In spite of a number changes, our results show that the 4-subtest form Similarities + Vocabulary + Matrix Reasoning + Block Design [SiVoMrBd], in the WISC-IV and WISC-V, is globally efficient in the identification of IGC. It appears to evaluate the three most discriminating cognitive abilities in the identification of IGC, i.e., Knowledge-Comprehension, Fluid reasoning, and Visual processing (Volker et al., 2006). Moreover, the composite score using the Similarities and Matrix Reasoning (SiMr) subtests, in the two recent Wechsler scale, appears to provide one of the best 2-subtest forms for the identification of IGC. These two types of short form thus appear to provide acceptable means of identification, for the selection of candidates for complementary evaluations (Prewett, 1995).
In the context of learning disabilities, an abbreviated intellectual assessment using Similarities, Vocabulary, Matrix Reasoning, and Block Design subtests can allow clinician psychologists to be less biased an overall cognitive aptitude estimation. Indeed, these subtests seem to be less affected by the specific learning disabilities (e.g., Toffalini et al., 2017a,b). The time gain allows us to add another cognitive assessments such as the complex span tasks to assess working memory capacity (e.g., Gonthier et al., 2017).
The Gc, Gf, and Gv abilities evaluated by the subtests of the GAI score appear to provide the best discrimination in the identification of IGC. This is based on the idea that these cognitive abilities appear to be the characteristics of high intellectual potential (Margulies and Floyd, 2009). Thus, psychologists should choose measurements that are well adapted to characteristics that are related to intellectual giftedness (Pierson et al., 2012).
Our results reveal the importance of relying on a theoretical model of cognitive ability, with the aim of identifying IGC as a CHC model. In addition, this theoretical model can be very helpful for the schooling of children in general (Aubry and Bourdin, 2016) and IGC in particular (Warne, 2016).
Any decision in this respect should not be made solely on the basis of the composite score from the short form. It is also important to recognize the reality of measurement errors, which can prevent the correct identification of IGC (Pierson et al., 2012). It is thus recommended to implement a multidimensional evaluation of IGC's characteristics (McClain and Pfeiffer, 2012).
We have shown that some short forms have satisfactory psychometric qualities. However, they have to be accompanied by other assessments such as a teacher rating scale, such as the Gifted Rating Scales–School Form (GRS; Pfeiffer and Jarosewich, 2003) in order to improve the quality of IGC identification (McBee et al., 2013, 2016). Short measurements appear to be reasonable tools for the prediction of global scores of complete batteries of tests, for the identification of children with intellectual giftedness (Newton et al., 2008).
Limitations of Our Study
Our simulation of data is very close to our empirical data. However, their relation is not perfect. So, it may have some difference with empirical data for WISC-V short forms. In terms of future perspectives, it would be interesting to implement a detailed analysis of the specificity and sensitivity of each short form of WISC-V identified as being reliable and valid for the identification of IGC.
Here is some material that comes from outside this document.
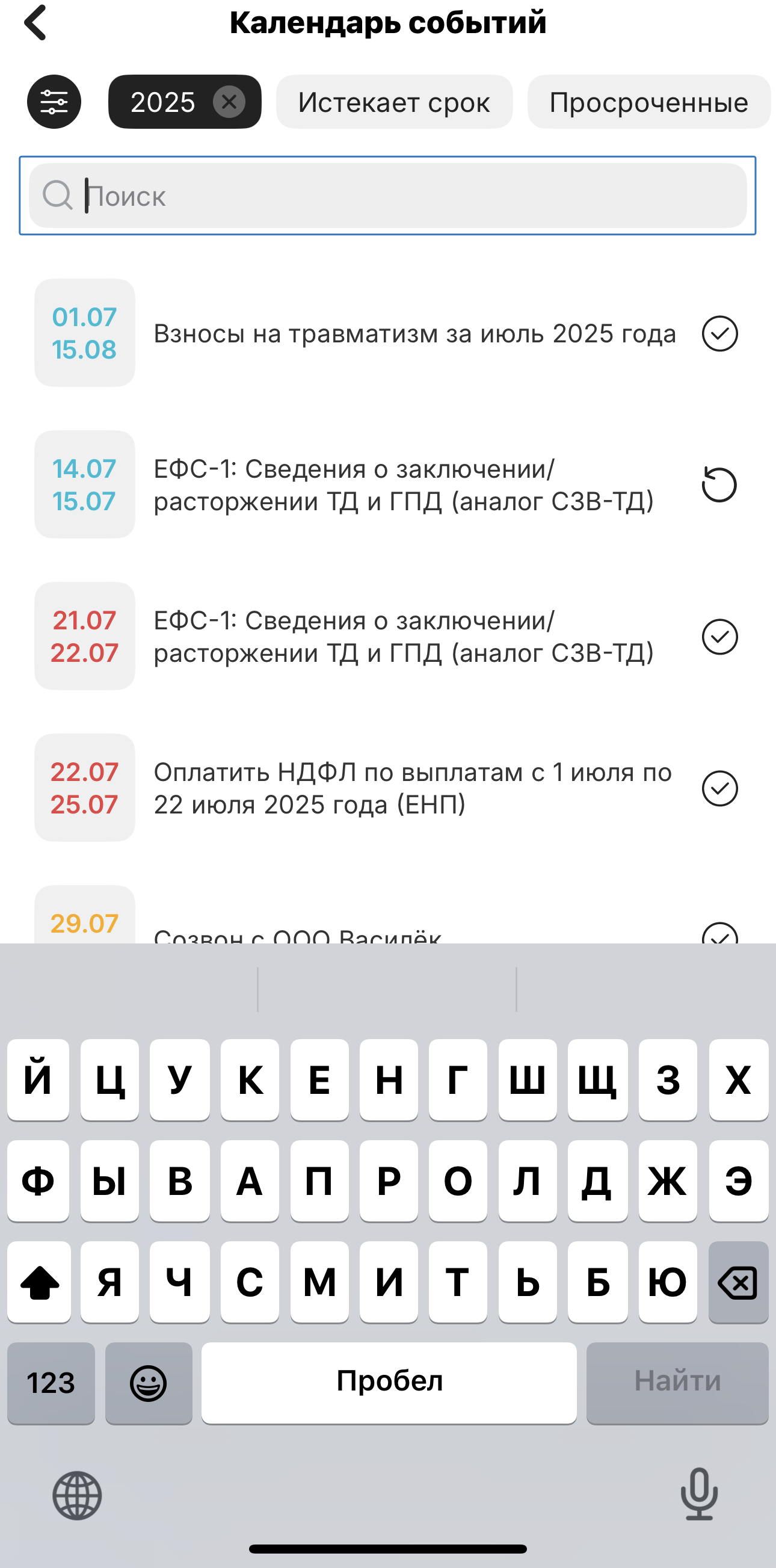 Для поиска события нажмите на строку «Поиск» или лупу. Поле станет активным, и откроется клавиатура для ввода запроса:

Among the limitations of our study, the relatively small number of typical children in our sample means that our results must be considered with caution. We tried to estimate the AUC, sensitivity and specificity of all short forms scale.
The identification of IGC based on the use of standardized tests such as the Wechsler scale is often time-consuming. This drawback can prevent other evaluations from being made, which could be essential for the education of these children with specific needs. The development of a short form of the recent version of Wechsler scale is thus useful for the fast and efficient identification of IGC. This short form would then allow the need for a more in-depth evaluation of various cognitive and socioemotional characteristics to be determined.
Our study evaluated nine 2-subtest forms and nine 4-subtest forms, based on the linear method of Tellegen and Briggs (1967). In order to evaluate these different short forms, we computed with simulated datasets several psychometric indicators that were reorganized into groups with an agreement indicator for FSIQ and GAI scores. We also computed the AUC, sensibility and specificity, on the basis of the 117 IGC and 52 typical children in our sample.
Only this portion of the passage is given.